───── Material for this exercise ─────

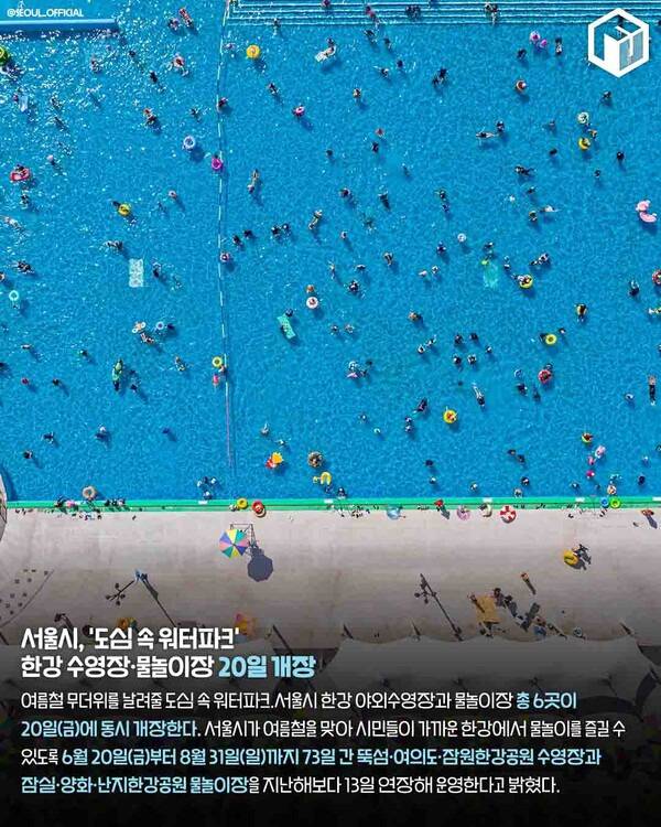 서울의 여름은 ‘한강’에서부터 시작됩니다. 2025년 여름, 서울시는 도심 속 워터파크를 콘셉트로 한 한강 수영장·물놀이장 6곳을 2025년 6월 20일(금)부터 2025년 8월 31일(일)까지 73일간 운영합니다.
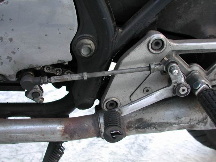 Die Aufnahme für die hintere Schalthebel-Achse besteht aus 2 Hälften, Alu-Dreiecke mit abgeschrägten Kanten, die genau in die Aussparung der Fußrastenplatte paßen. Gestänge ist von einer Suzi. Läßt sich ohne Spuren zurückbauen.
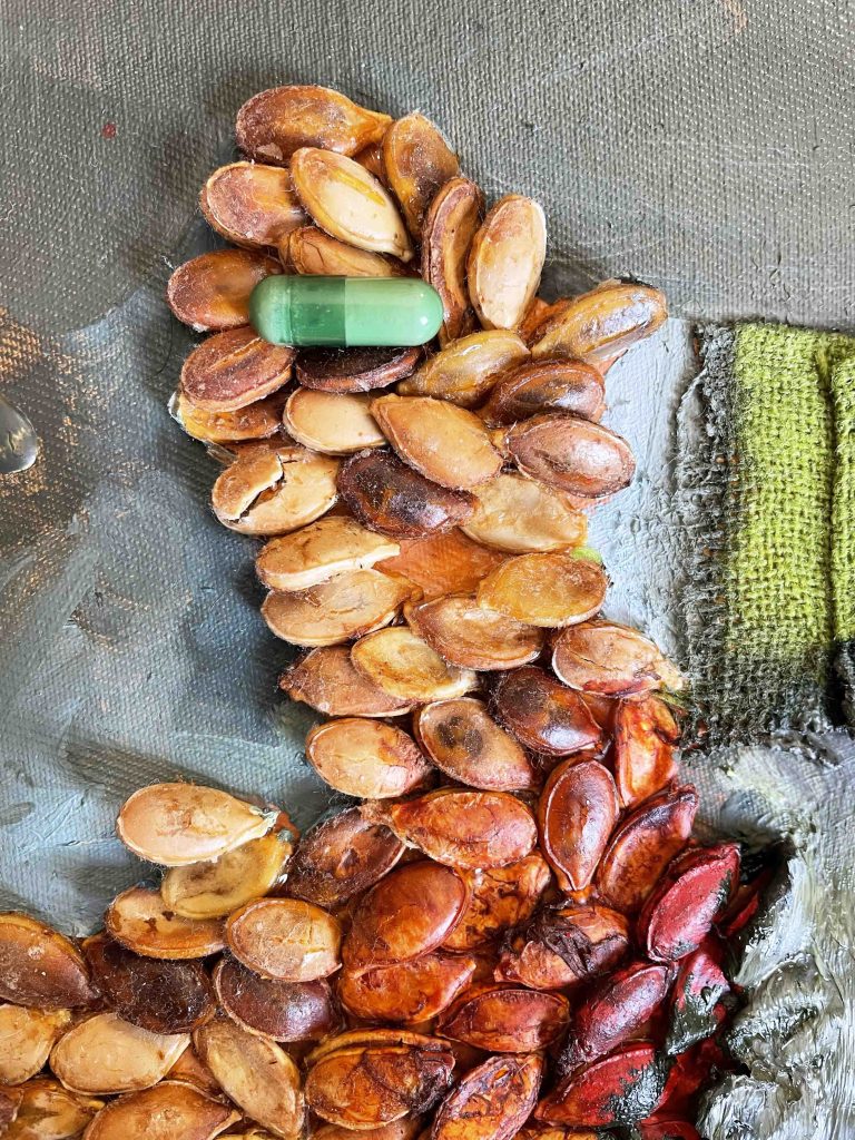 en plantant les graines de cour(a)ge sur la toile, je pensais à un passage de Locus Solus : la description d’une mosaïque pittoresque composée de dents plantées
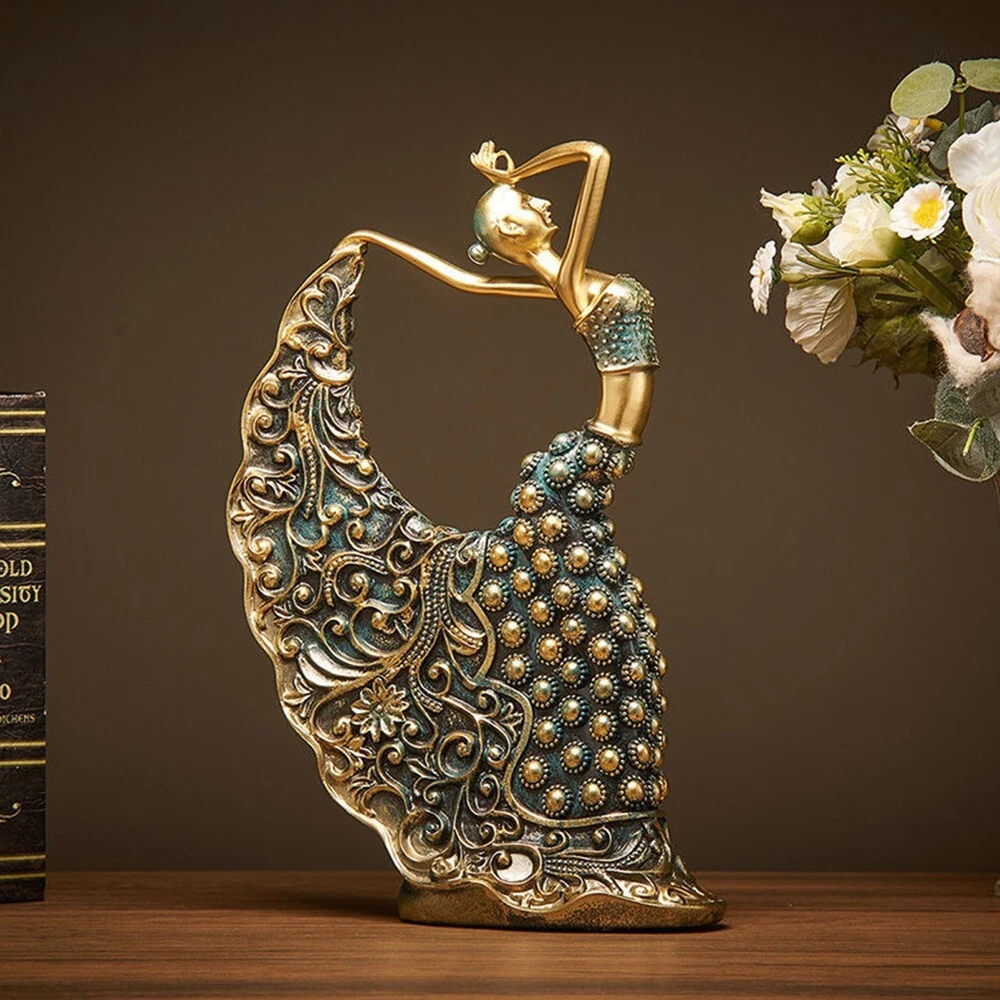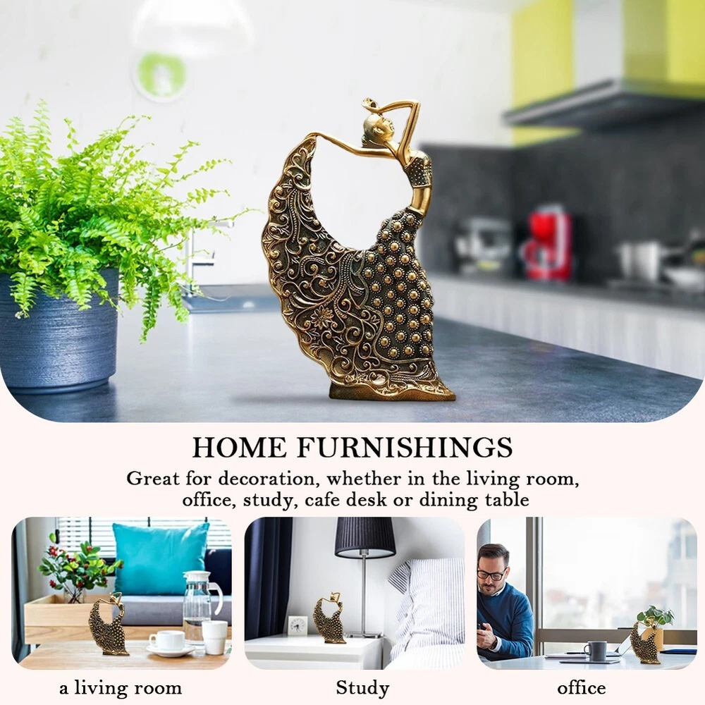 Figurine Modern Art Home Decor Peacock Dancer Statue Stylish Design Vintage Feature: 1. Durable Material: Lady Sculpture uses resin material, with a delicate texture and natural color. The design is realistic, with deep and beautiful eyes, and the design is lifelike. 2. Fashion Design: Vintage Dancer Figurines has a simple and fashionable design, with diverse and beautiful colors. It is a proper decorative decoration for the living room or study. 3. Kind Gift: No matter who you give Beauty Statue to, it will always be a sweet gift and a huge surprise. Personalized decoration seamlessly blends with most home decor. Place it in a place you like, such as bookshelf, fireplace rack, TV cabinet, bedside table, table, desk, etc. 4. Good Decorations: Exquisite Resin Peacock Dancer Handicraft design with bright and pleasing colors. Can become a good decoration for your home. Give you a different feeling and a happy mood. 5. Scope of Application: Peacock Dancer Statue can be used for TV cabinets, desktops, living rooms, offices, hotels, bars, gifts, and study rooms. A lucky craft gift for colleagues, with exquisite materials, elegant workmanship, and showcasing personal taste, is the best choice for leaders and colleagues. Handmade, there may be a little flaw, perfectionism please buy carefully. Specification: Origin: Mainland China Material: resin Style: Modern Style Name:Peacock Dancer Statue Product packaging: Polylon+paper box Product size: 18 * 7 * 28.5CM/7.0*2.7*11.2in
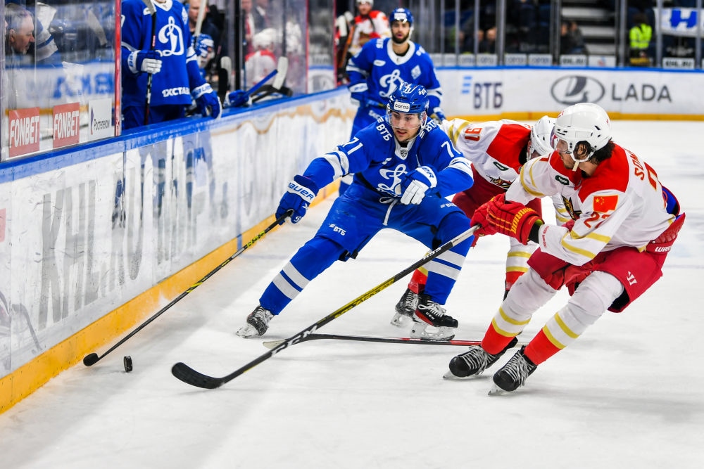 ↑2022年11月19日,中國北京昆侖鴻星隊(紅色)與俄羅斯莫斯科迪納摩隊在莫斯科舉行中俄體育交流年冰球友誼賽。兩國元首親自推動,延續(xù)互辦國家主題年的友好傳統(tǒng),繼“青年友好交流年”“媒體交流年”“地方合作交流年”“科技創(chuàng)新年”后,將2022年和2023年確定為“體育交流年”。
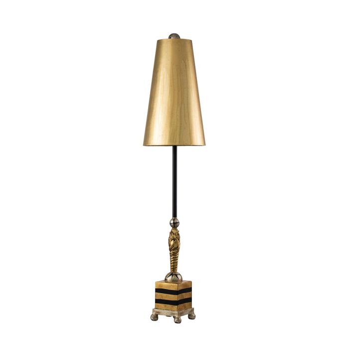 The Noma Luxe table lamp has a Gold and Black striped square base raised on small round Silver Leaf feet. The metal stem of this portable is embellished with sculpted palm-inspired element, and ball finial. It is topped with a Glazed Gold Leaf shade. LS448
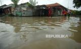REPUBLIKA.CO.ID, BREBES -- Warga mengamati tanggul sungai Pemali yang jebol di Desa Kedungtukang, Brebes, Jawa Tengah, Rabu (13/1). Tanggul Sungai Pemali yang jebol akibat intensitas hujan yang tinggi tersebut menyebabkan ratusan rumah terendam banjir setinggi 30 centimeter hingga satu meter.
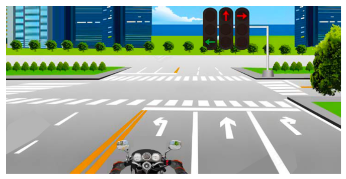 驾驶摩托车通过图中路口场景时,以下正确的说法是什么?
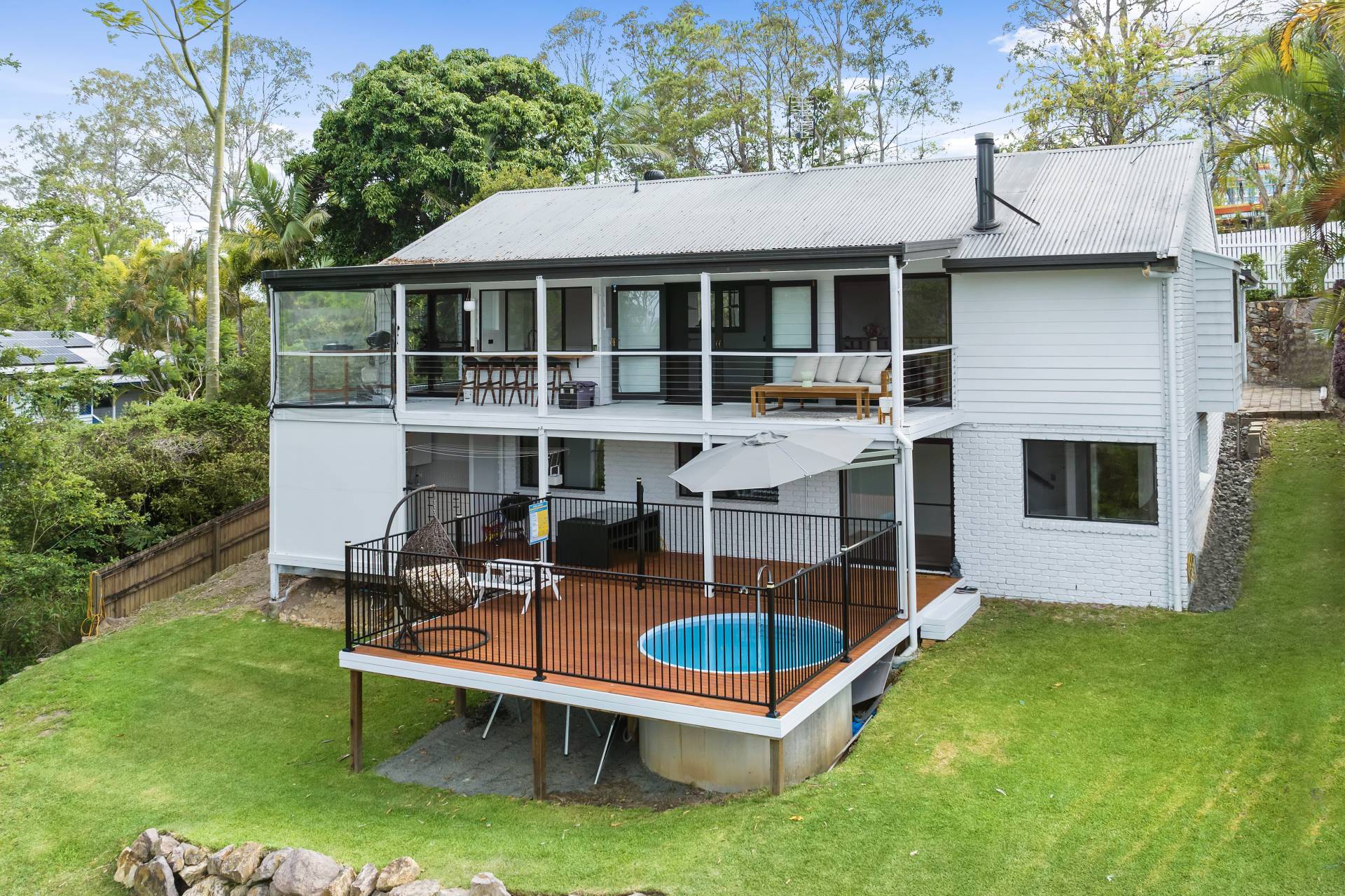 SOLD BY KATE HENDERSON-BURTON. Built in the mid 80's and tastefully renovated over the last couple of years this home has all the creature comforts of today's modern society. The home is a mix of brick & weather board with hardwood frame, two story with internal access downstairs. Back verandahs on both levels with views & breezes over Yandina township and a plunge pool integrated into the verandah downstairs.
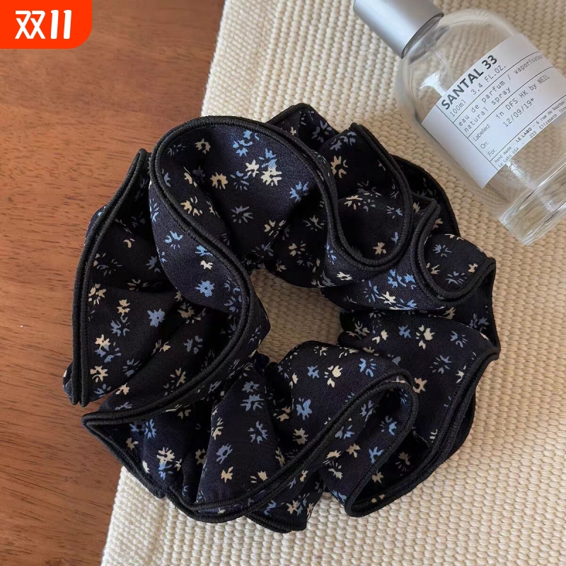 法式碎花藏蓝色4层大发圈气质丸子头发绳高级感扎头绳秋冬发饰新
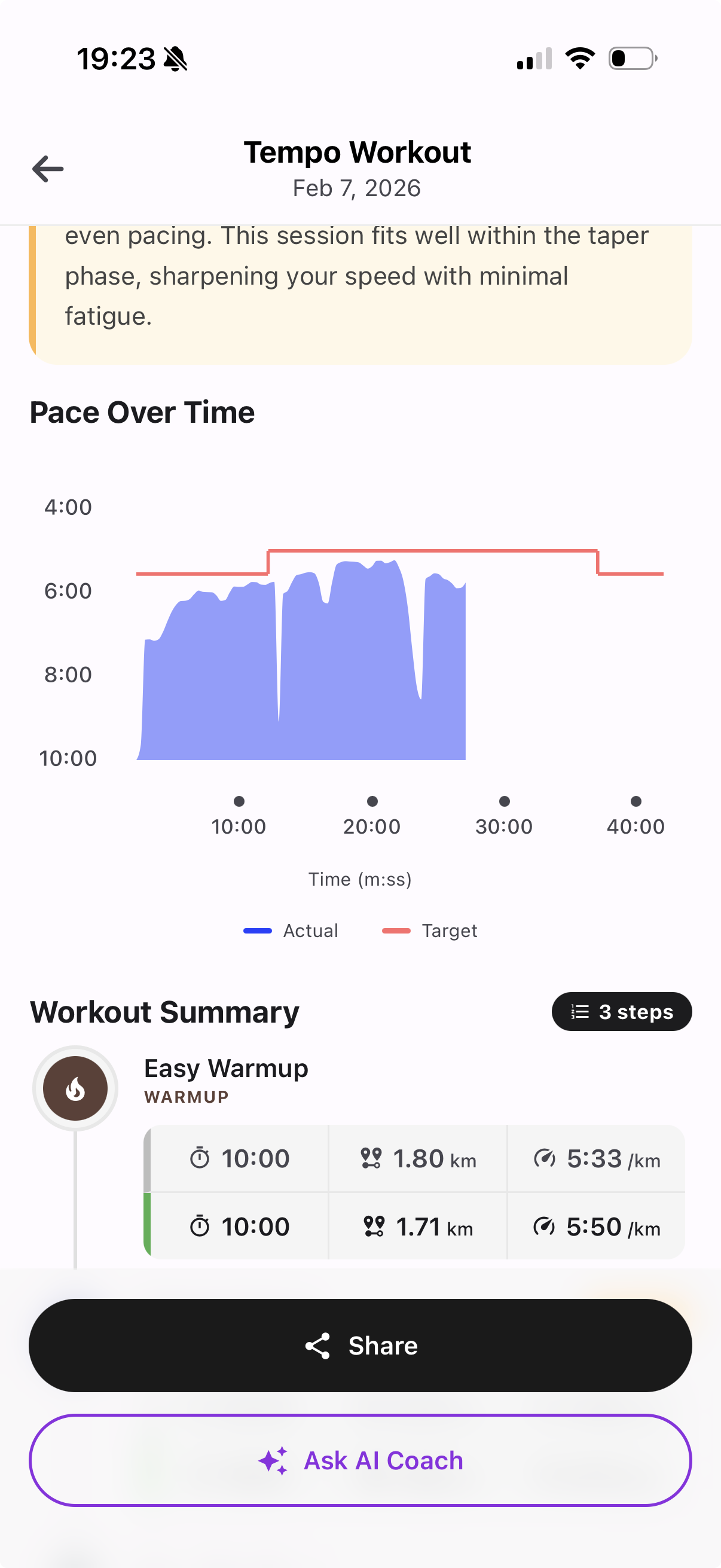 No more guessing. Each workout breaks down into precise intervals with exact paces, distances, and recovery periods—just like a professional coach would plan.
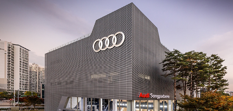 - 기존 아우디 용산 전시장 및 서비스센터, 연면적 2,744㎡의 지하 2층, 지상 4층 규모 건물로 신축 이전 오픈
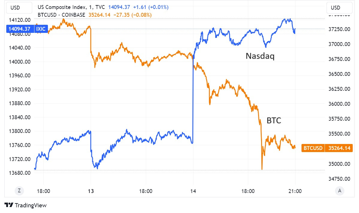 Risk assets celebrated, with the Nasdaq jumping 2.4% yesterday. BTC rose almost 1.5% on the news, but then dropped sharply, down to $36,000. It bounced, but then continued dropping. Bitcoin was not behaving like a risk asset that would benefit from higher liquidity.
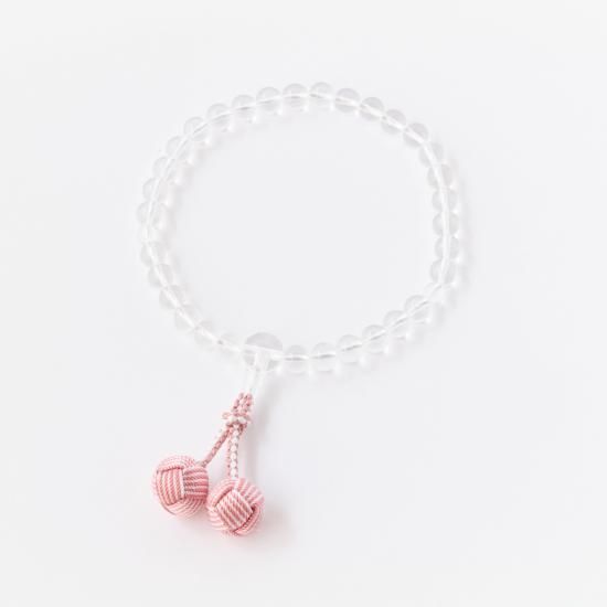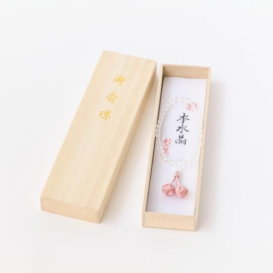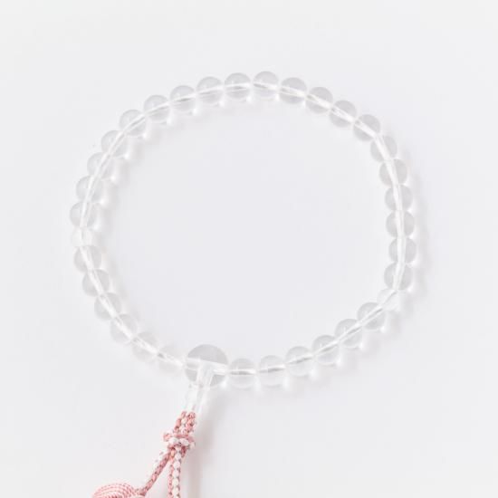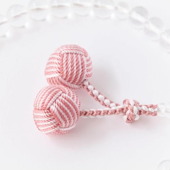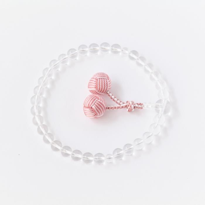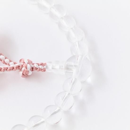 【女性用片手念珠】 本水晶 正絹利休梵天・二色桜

─────

- [Exercise instructions]: Restate the lines above from the one containing "No more guessing." through the one containing "- 기존 아우디 용산", inclusive, exactly and without pictures.

- [Result of this exercise]:
 No more guessing. Each workout breaks down into precise intervals with exact paces, distances, and recovery periods—just like a professional coach would plan.
 - 기존 아우디 용산 전시장 및 서비스센터, 연면적 2,744㎡의 지하 2층, 지상 4층 규모 건물로 신축 이전 오픈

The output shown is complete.